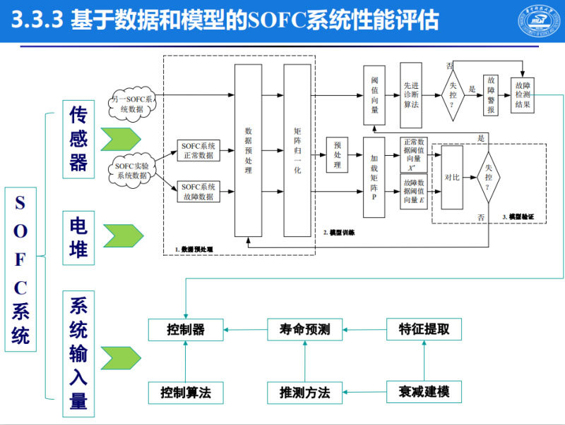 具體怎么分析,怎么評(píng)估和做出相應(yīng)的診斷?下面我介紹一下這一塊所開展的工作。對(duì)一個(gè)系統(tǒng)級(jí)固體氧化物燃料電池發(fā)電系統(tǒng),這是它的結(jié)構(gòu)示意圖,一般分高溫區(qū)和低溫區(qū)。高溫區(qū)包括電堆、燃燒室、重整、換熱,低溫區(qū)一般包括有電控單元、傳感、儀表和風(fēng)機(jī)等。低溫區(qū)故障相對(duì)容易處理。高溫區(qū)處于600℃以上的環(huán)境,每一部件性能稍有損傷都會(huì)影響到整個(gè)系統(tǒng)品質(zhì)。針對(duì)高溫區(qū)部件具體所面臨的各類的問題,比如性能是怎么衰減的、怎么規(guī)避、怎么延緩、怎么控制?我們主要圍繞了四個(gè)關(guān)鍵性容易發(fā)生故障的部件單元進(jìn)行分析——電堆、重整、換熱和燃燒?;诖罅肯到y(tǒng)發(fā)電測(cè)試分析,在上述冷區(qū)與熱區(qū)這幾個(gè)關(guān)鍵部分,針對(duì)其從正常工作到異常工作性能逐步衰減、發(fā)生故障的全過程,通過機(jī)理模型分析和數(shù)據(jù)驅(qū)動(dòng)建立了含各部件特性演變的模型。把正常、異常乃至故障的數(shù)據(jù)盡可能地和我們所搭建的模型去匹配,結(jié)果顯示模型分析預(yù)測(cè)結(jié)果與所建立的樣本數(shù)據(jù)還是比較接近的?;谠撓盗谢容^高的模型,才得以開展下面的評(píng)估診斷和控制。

* * *

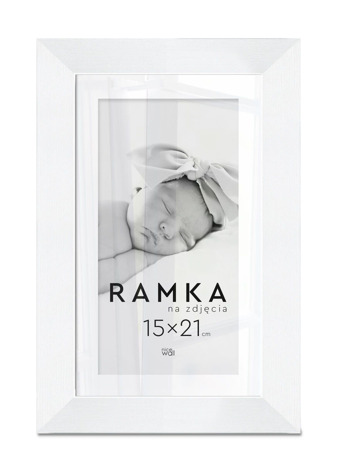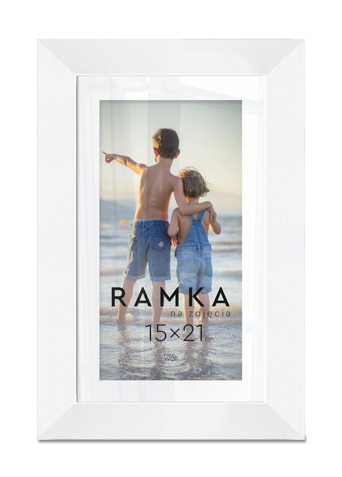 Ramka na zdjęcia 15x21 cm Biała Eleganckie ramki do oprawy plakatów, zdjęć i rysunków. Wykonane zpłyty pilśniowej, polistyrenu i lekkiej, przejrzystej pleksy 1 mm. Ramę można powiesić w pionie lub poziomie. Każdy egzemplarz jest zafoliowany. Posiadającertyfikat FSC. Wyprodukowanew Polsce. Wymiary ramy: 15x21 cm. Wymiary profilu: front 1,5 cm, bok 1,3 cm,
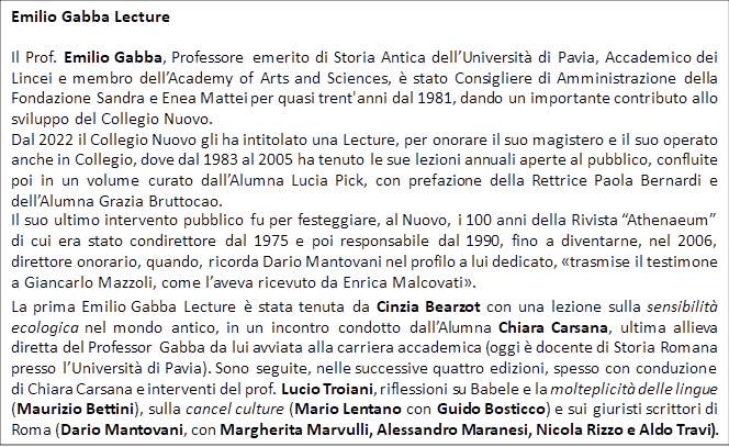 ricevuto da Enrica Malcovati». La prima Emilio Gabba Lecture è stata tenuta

Exercise - Within the listing above, the lines from the one with "Ramka na zdjęcia" through the one with "ricevuto da Enrica" are to be given again word for word. Do not include pictures.

Your response -
 Ramka na zdjęcia 15x21 cm Biała Eleganckie ramki do oprawy plakatów, zdjęć i rysunków. Wykonane zpłyty pilśniowej, polistyrenu i lekkiej, przejrzystej pleksy 1 mm. Ramę można powiesić w pionie lub poziomie. Każdy egzemplarz jest zafoliowany. Posiadającertyfikat FSC. Wyprodukowanew Polsce. Wymiary ramy: 15x21 cm. Wymiary profilu: front 1,5 cm, bok 1,3 cm,
 ricevuto da Enrica Malcovati». La prima Emilio Gabba Lecture è stata tenuta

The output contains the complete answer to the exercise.